Another error made by popularizers of non-linear dynamics is to attribute chaotic systems solely to non-linear equations. Just because an equation is non-linear does not mean that the relationship between input and output is seemingly random (as is the case for truly chaotic systems). For example the equation y = x^2 is non-linear, but not chaotic. Many mathematical chaotic systems are built on differential equations, but not all non-linear partial differential equations are chaotic either.

One of the features of many real chaotic systems is feedback - the butterfly flaps his wings and causes a storm, but the wind created by the storm far away eventually rebounds back to the butterfly's home and blows her off of her original course, which changes the location of the next storm she causes.

Okay, minor nitpick time. The fact that not all non-linear systems don't lead to chaotic responses doesn't mean you can't attribute all chaotic behavior to non-linear equations. You're right of course that you can have very non-chaotic nonlinear differential equations.
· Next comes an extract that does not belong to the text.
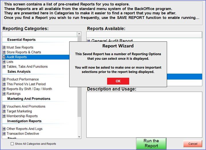 A Report can be built in various Maintenance, Stock Control, Marketing & Promotions, Raffles & Draws, Memberships, and Messaging components by selecting from available fields, drop-down options, and views.

But a linear differential equation will not have chaotic behavior. While I don't claim to be an expert, the key seems to be sensitivity to initial conditions. If small changes in initial conditions to a differential equation lead to very different solutions, that is considered chaotic. Systems with feedback tend to have this since every pass through amplifies the change.

Wow - all this learned talk about fractals makes my head hurt. They didn't seem that complicated to me. A fractal is a structure with an infinitely repeating pattern. No matter how much you magnify (or expand) your view of them, the pattern is the same. You can express this mathmatically, which can be really complicated or really simple (depending on how complicated the pattern is), but it seems a lot easier to understand if you just draw them. I guess that was Mandelbrot's genius.

Ron - I think we are in violent agreement. I just have no patience for people who talk down to laymen about "chaos" by explaining the concept as if non-linearity were the only pre-requisite for chaotic behavior. It's sloppy thinking, since as you point out, chaotic systems are a subset of non-linear systems and other conditions also apply. The same goes for systems with feedback.

I used to teach chemistry at the college level, and a lot of TAs would teach the Bohr atomic model as if it were gospel because it is easy to grasp, which would confuse the heck out of the students when the concept of orbitals was introduced. I get a little upset by that kind of condescending behavior, which I found all over the web in discussions of fractals.